After finding the line that holds "Our new Leaf" below, set down that line and the rest through the final one exactly, leaving the pictures out.

- **Dataset extract**
= = = = =
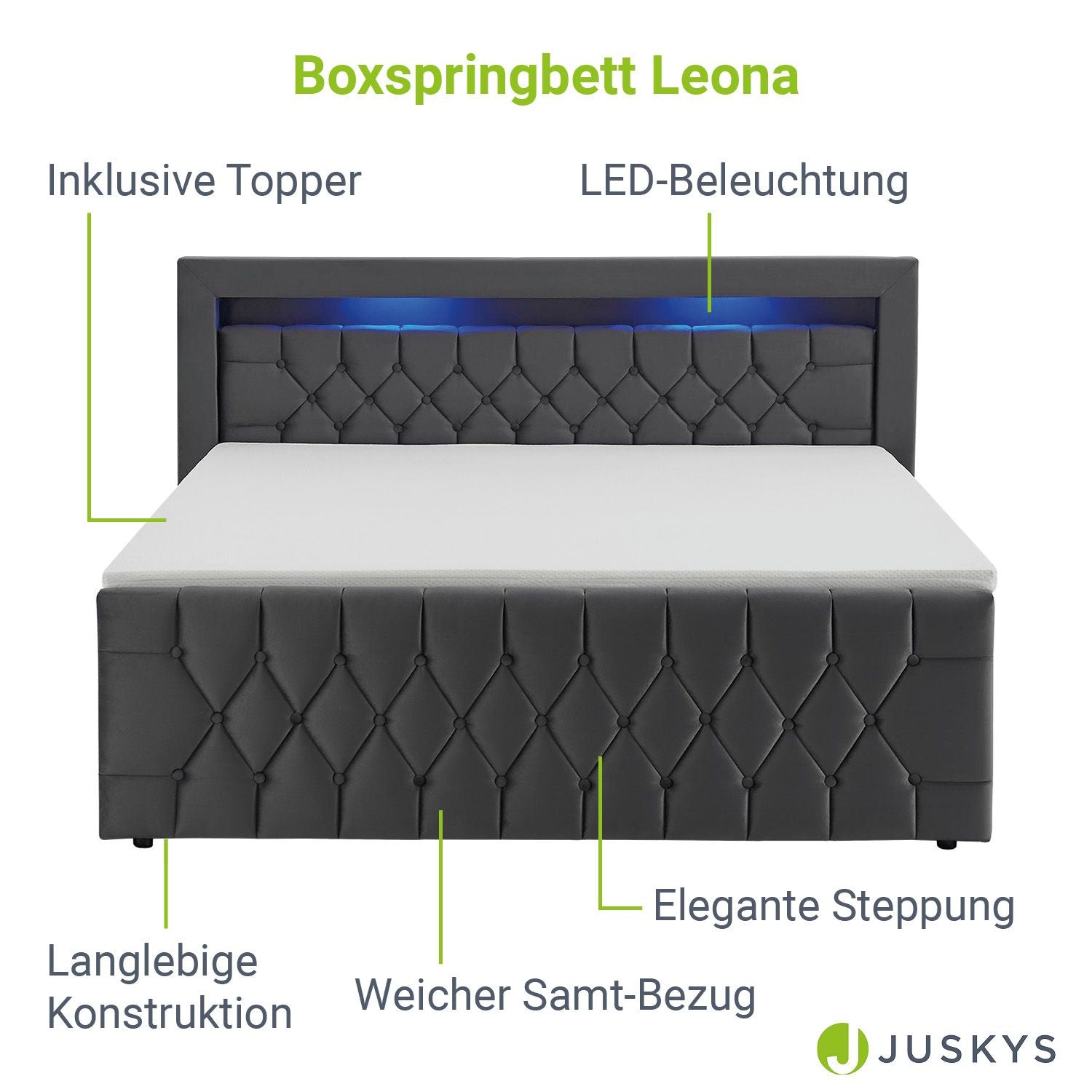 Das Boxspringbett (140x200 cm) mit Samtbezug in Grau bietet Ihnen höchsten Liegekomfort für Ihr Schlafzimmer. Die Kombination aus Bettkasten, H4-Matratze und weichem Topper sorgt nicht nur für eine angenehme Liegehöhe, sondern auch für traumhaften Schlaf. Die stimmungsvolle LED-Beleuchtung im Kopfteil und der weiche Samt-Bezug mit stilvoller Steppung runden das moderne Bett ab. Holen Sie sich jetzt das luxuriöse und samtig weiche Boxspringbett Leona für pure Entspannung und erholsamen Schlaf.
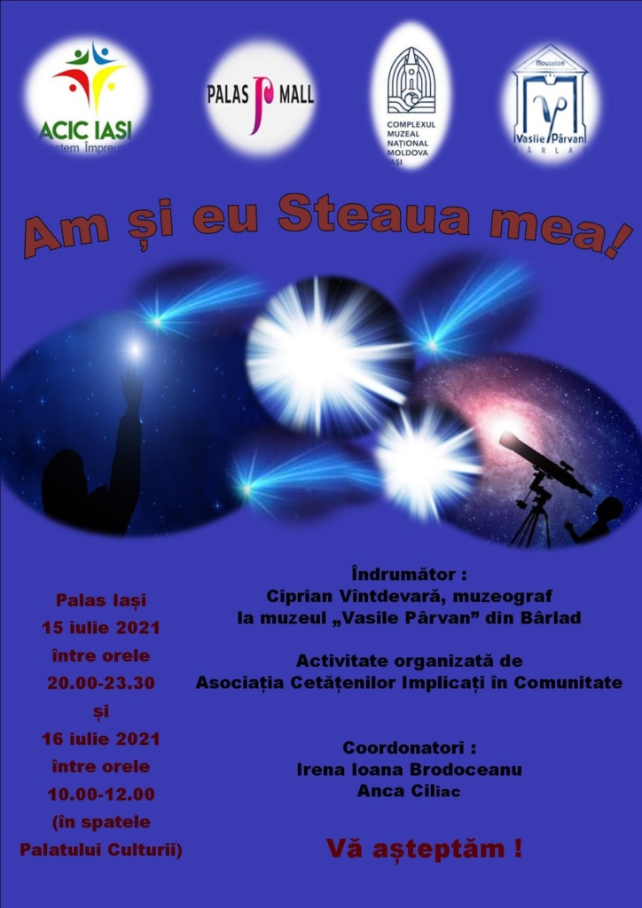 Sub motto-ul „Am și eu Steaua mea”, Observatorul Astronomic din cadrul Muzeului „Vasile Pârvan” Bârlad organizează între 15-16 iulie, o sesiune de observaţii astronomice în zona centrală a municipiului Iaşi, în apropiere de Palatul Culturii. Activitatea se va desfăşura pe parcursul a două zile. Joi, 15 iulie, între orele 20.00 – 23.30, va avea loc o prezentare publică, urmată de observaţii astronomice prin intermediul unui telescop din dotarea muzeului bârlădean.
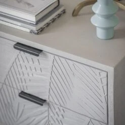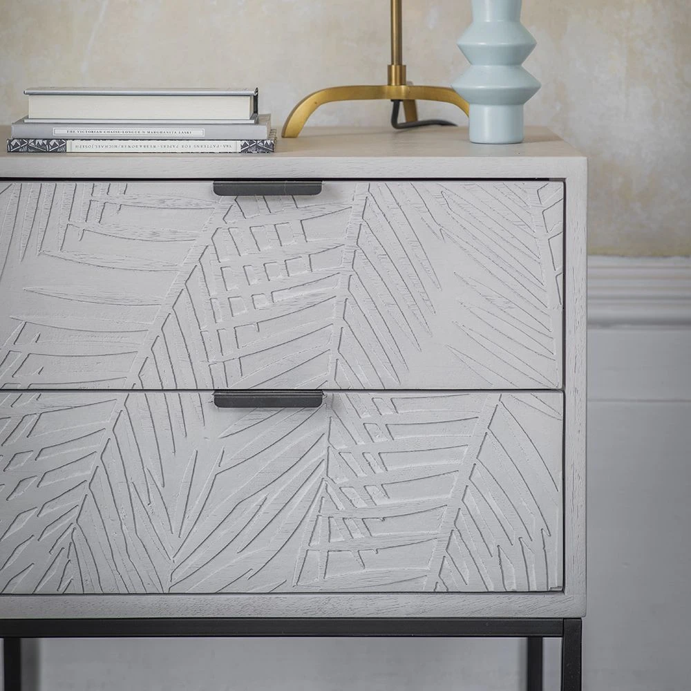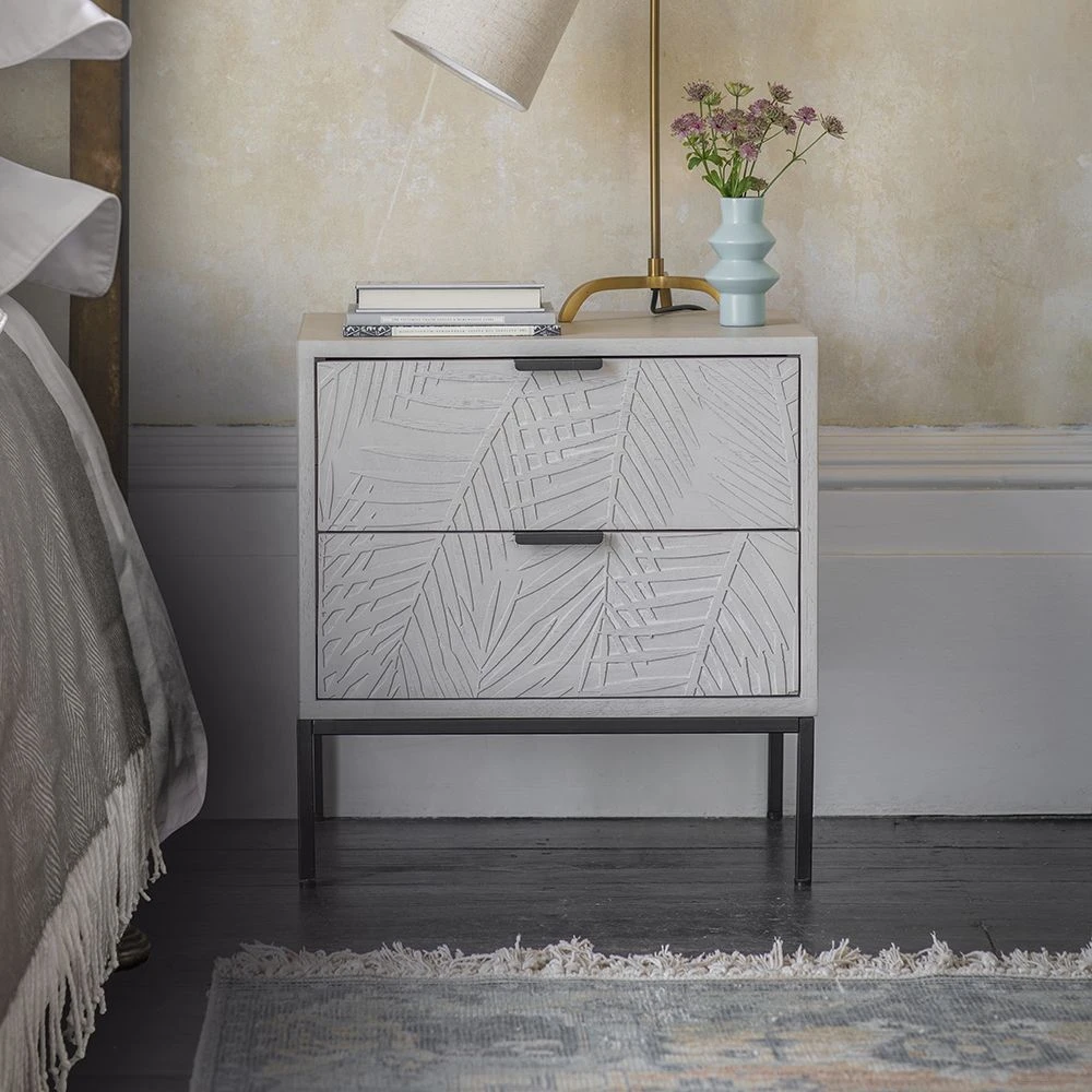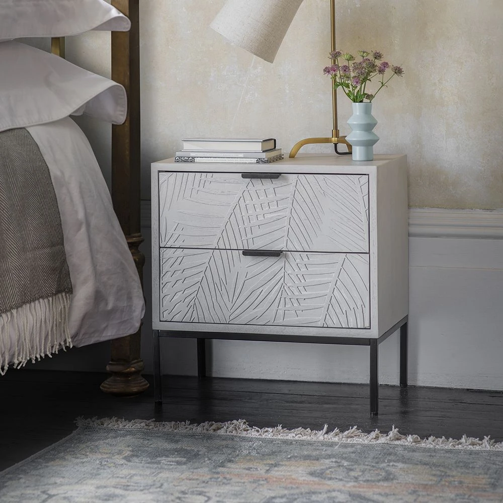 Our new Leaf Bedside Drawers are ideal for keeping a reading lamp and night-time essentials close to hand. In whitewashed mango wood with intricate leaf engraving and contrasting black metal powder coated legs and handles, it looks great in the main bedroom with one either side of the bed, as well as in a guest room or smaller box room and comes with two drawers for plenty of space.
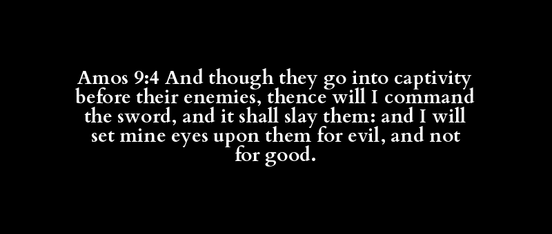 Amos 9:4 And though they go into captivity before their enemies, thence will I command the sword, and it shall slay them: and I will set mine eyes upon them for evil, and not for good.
= = = = =
- **The answer**
 Our new Leaf Bedside Drawers are ideal for keeping a reading lamp and night-time essentials close to hand. In whitewashed mango wood with intricate leaf engraving and contrasting black metal powder coated legs and handles, it looks great in the main bedroom with one either side of the bed, as well as in a guest room or smaller box room and comes with two drawers for plenty of space.
 Amos 9:4 And though they go into captivity before their enemies, thence will I command the sword, and it shall slay them: and I will set mine eyes upon them for evil, and not for good.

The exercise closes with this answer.